Video assistant referee (VAR) technology is to be trialled on one of the world’s oldest equestrian sports for the first time, as jousting becomes subject to the same scrutiny as football and tennis.
Charity English Heritage have teamed up with Hawk-Eye experts to trial the new system at Pendennis Castle in Cornwall today (31 July), followed by a series of jousts across England in August.
Two cameras positioned in the centre of the field will track the competitors’ moves and use video replay to provide an accurate score as they charge towards each other at speeds of up to 30mph.
The charity have said that accuracy was vital in “England’s first national sport”, which sees participants – who are weighed down by 20kg of steel armour and are on horseback – hitting their opponents with a 12ft lance to win points: five for a hit to the helmet, three for the shield and two for the torso.
Emily Sewell, English Heritage’s head of events, said that one of the misconceptions revolving around jousting was that the “intense clashes” were choreographed.
“It takes a great deal of precision and skill to aim the 12ft lance at a moving target and make the hit with the most points and it really matters to the knights – their honour is everything,” she said.
“But it also currently requires our Knight Marshall to accurately observe the location of each hit every time, which is quite a challenge.”
The VAR system is regularly used in football, tennis and cricket, among other sports, to enable officials to reach more accurate decisions. However, some people who play the sport are not happy about the medieval sport being brought into the 21st century.
“The scoring can be tight, but we like the old-fashioned rule that the referee’s decision is final,” said Jeremy Richardson, who has been jousting for 40 years and is the managing director of The Knights of Royal England.

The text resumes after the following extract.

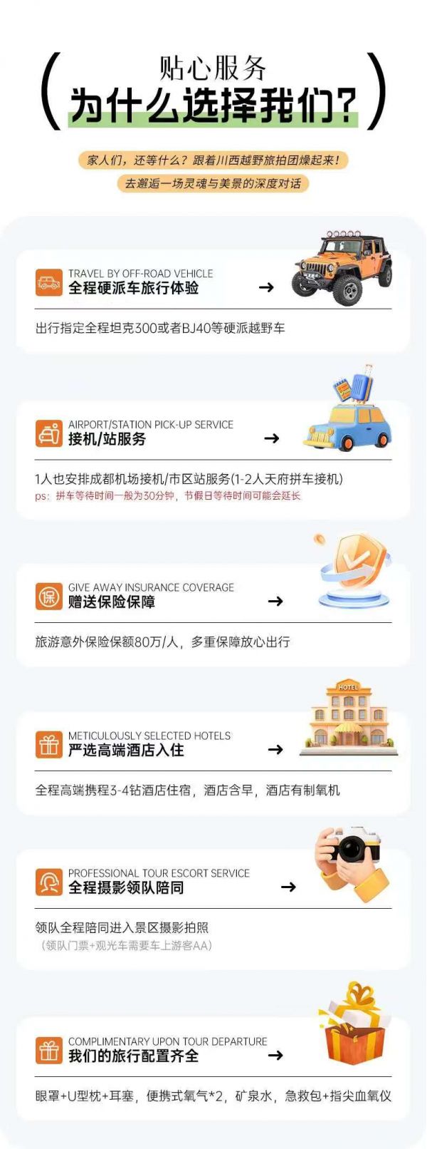 (3)本線路沒有“代購業(yè)務”,請不要在團隊中或者完團后,請求駕駛員代購任何產(chǎn)品,如有需要請自行篩選、購買。

“We don’t like this newfangled, modern approach because we are recreating something from the 14th century. You may as well get drones in to fly above the horse’s heads!
“This technology will just slow the game down too. We’re not looking to bring jousting up to modern times, we are hoping to bring what happened in medieval times to families and young children.”
Jousting was a popular element of European medieval tournaments between the 13th and 16th centuries, in which knights showcased their martial skills.
In 2016, English Heritage launched a campaign for it to be recognised as an Olympic sport.
In January 2018 VAR technology was used for the first time during a competitive football game – between Brighton & Hove Albion and Crystal Palace – to help determine the outcomes of key incidents.